KH Abdurrahman Syamsuri Sesepuh Pesantren Muhammadiyah (III)

KH Abdurrahman Syamsuri konsisten mengabdikan dirinya untuk syiar Islam.

Dok Istimewa
KH Abdurrahman Syamsuri
Rep: Muhyiddin Red: Agung Sasongko

IHRAM.CO.ID, KH Abdurrahman Syamsuri (1925-1997) merupakan seorang tokoh dalam sejarah Persyarikatan Muhammadiyah. Kiprahnya terutama dikenang masyarakat Jawa Timur, khususnya Lamongan dan sekitarnya.

Baca Juga

Sepanjang hayatnya, sosok yang pernah berguru kepada Hadratussyekh KH Hasyim Asy'ari itu konsisten mengabdikan dirinya untuk syiar Islam. Dalam semangat jihad pula, perjuangannya ditujukan kepada kemerdekaan Indonesia.
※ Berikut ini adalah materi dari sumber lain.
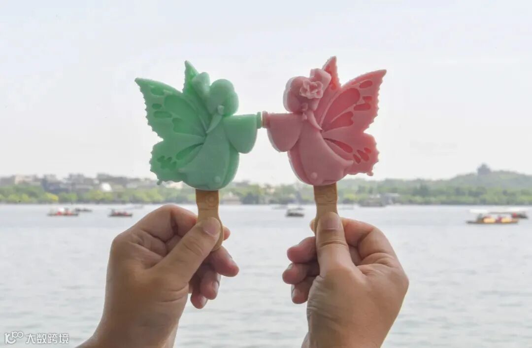 梁祝化蝶、白蛇许仙断桥相会等耳熟能详的文化故事也被做成文创雪糕,不仅造型Q萌,凑对“嗑CP”的玩法也符合当下年轻人的独特心理。

Saat masih nyantri di pondok pesantren yang diasuh KH Mohammad Amin Musthofa, Abdurrahman muda turut serta di medan juang. Waktu itu, seluruh bangsa baru saja merasakan kemerdekaan Indonesia yang diproklamasikan pada 17 Agustus 1945. Berbagai elemen berusaha mempertahankan kedaulatan negeri.

Di Lamongan, Jawa Timur, Abdurrahman turut serta dalam Laskar Hizbullah. Bahkan, dirinya sampai menjadi komandan laskar tersebut. Dalam hal ini, ia mendapatkan dukungan penuh dari Kiai Amin Musthofa serta para santri setempat.

Pada 25 Oktober 1945, masyarakat Jawa Timur mendapatkan kabar bahwa tentara Sekutu mendarat di Surabaya. Kiai Amin segera menggelar rapat bersama para kiai di daerah Blimbing, Paciran. Maka, diputuskanlah untuk mengirimkan sejumlah anggota laskar Hizbullah Paciran ke Surabaya. Tujuannya untuk ikut mengadang gerak pasukan musuh yang saat itu dikomandoi Brigadir Jenderal AWS Mallaby.

 

 

Beberapa pekan kemudian, tepatnya pada 10 November 1945, pertempuran besar pun pecah di Surabaya. Bersama dengan Kiai Amin, Abdurrahman turut serta dalam barisan pejuang. Dengan gigih, dirinya bertempur untuk mengusir kekuatan yang hendak menjajah kembali Bumi Pertiwi. Waktu itu, usianya baru 20 tahun.

Kepercayaan Kiai Amin begitu besar kepada Kiai Abdurrahman hingga Kiai Amin menjodohkan dengan salah satu putrinya yang bernama Rahimah. Perempuan ini pernah belajar di Pondok Kranji, sama seperti dirinya. Pada 1949, Kiai Amin meninggal dunia. Meskipun pernikahan dengan Rahimah tidak bertahan, dirinya tetap menjalin hubungan kekerabatan dengan keluarga besar almarhum.

Bahkan, Kiai Abdurrahman akhirnya menikahkan salah satu putrinya, Zakiyah, dengan putra Kiai Amin yang bernama Muhammad Sabiq. Jejak perjuangannya juga tampak pada peristiwa menjelang runtuhnya Orde Lama. Waktu itu, rezim Sukarno begitu dekat dengan Partai Komunisme Indonesia (PKI).

Belakangan, pecah pemberontakan G30S/PKI pada 30 September 1965. Di berbagai daerah, militer, khususnya Angkatan Darat, meminta bantuan kepada kalangan pesantren untuk memadamkan dampak kup itu. Di Lamongan, Kiai Abdurrahman menjadi ketua komando strategi yang bertujuan melawan sisa-sisa kekuatan PKI setempat.

 

Pondok Pesantren Karangasem yang diasuhnya juga difungsikan sebagai salah satu pusat mobilitas pejuang dalam menghadapi keganasan kaum komunis di wilayah Pantai Utara Jawa.